* _TASK STATEMENT_: In the entries that follow, the lines from the one with "当店の特注うどんは、もちもち" through the one with "কেনাকাটা সারা হলে" are the ones to write out, exactly and with both ends included. Nothing else should appear.

BEGIN SOURCE MATERIAL

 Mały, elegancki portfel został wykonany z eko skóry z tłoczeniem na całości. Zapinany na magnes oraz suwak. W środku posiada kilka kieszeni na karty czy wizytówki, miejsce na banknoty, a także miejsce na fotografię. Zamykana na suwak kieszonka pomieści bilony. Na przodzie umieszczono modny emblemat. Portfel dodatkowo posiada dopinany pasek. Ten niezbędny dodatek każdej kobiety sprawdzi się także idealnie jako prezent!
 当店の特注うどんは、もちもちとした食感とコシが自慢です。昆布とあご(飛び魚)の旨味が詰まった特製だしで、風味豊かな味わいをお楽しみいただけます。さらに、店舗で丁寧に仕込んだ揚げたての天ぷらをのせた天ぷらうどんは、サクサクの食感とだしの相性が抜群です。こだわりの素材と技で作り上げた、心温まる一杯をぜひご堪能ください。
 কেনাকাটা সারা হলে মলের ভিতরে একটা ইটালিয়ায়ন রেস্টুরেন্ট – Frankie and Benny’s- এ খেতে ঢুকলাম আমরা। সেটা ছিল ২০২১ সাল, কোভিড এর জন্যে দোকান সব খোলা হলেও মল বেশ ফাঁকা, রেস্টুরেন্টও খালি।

END SOURCE MATERIAL
BEGIN SOURCE MATERIAL

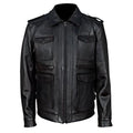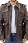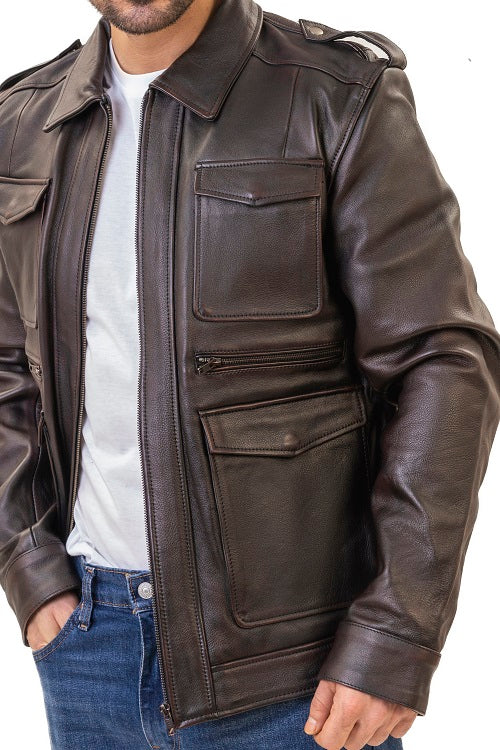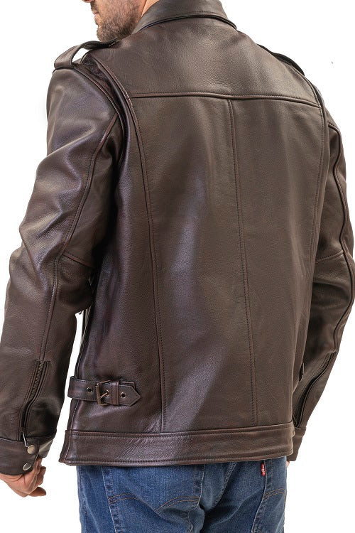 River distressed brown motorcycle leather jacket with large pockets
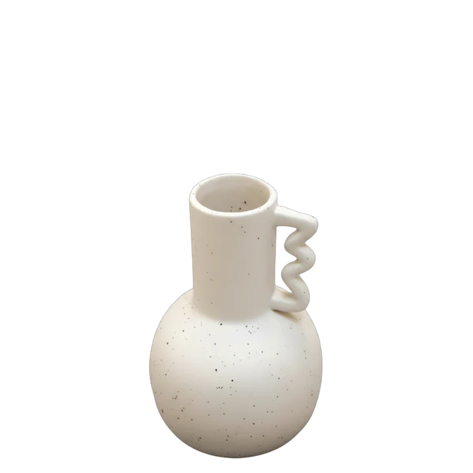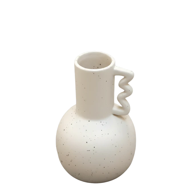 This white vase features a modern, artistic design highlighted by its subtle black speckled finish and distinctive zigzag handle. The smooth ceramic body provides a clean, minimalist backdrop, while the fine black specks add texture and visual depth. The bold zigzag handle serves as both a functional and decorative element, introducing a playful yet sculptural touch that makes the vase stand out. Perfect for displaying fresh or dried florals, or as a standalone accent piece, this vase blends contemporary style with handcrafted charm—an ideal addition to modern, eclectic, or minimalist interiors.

END SOURCE MATERIAL

* _THE COMPLETED TASK_:
 当店の特注うどんは、もちもちとした食感とコシが自慢です。昆布とあご(飛び魚)の旨味が詰まった特製だしで、風味豊かな味わいをお楽しみいただけます。さらに、店舗で丁寧に仕込んだ揚げたての天ぷらをのせた天ぷらうどんは、サクサクの食感とだしの相性が抜群です。こだわりの素材と技で作り上げた、心温まる一杯をぜひご堪能ください。
 কেনাকাটা সারা হলে মলের ভিতরে একটা ইটালিয়ায়ন রেস্টুরেন্ট – Frankie and Benny’s- এ খেতে ঢুকলাম আমরা। সেটা ছিল ২০২১ সাল, কোভিড এর জন্যে দোকান সব খোলা হলেও মল বেশ ফাঁকা, রেস্টুরেন্টও খালি।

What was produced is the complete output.